Suppose an asset evolves in time according to the SDE
$$ dS = \mu S dt + \sigma S dW, $$ where $\mu>0,\sigma>0$ are fixed constants and $dW$ is a Wiener process. To price options for this underlying, you have the whole procedure of using delta hedging or risk-neutral pricing to get the BS equation and eventually the value of an option $V(S,t)$. Now, I am thinking about what would happen if there was zero volatility, i.e. $\sigma = 0$. My question is: How would you price options in that case?

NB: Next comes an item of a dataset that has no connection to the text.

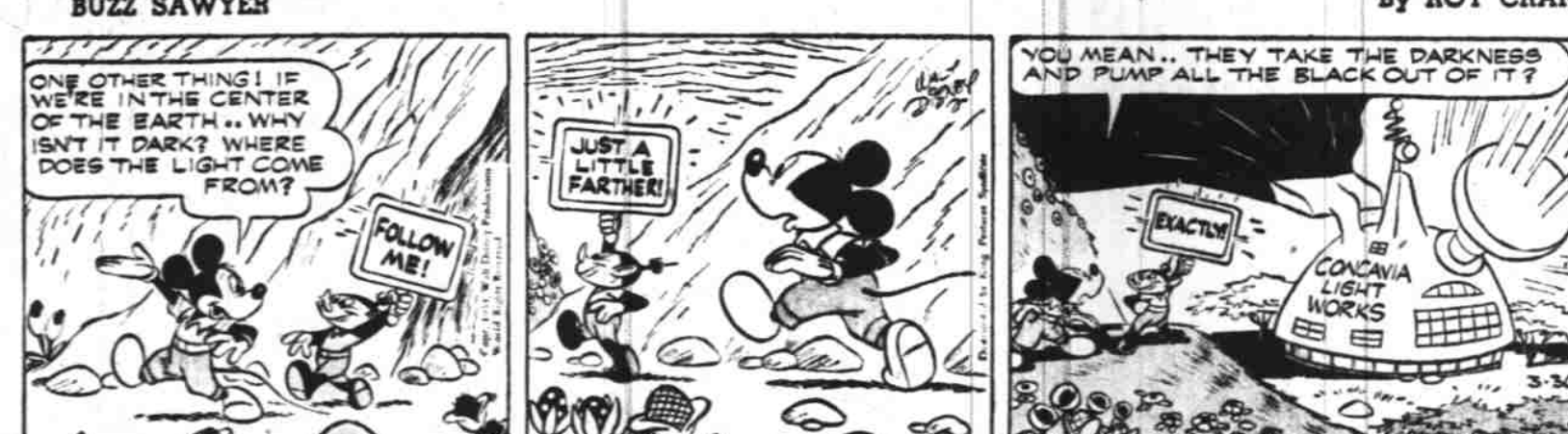
MICKEY MOUSE By WALT DISNEY

The dynamics are completely deterministic now, since $dS = \mu S dt$, and we can find the stock as a function of time as
$$ S(t) = S_0e^{\mu t} $$
So given some starting price $S_0$, the stock at expiration $T$ will always be $S(T) = S_0e^{\mu T}$. To price the options, you have to think about arbitrage opportunities. Let's start with calls first: From regular arbitrage arguments, you already know that $S(t)-Ee^{-r(T-t)}\leq C(t) \leq S(t)$. This comes from creating a portfolio long a stock and short a call, and looking at the bounds at $t = T$. Applying this to our weird deterministic case gives
$$ S_0e^{\mu t}-Ee^{-r(T-t)} \leq C(t) \leq S_0e^{\mu t} $$
I know how the call is bounded, but I want an exact formula. If you think about it, since we know $S(T) = S_0e^{\mu T}$, then any call option with a strike price $E \geq S_0e^{\mu T}$ will be worthless at expiration, because $C(T) = \max(S(T)-E,0)$. Thus, this gives
$$ C(t) \equiv 0,\ \forall E \geq S_0e^{\mu T} $$
For $E < S_0e^{\mu t}$, the option will most certainly be nonzero, but I am having trouble finding what it would be. I know you have to take into account the risk-free rate somehow, but since any portfolio you construct is risk free, wouldn't there be unlimited arbitrage? What I mean by this: Say you buy an option with strike $E < S_0e^{\mu T}$. Then, your profit at expiration will always be
$$ \text{Profit}_T = S_0e^{\mu T} - E $$
Therefore, the value should be at least this much, i.e. $C(t) \geq S_0e^{\mu T} - E$. Discounting for time gives $C(t) = e^{-r(T-t)}(S_0e^{\mu T}-E)$. However, this doesn't seem right. Any thoughts would be appreciated.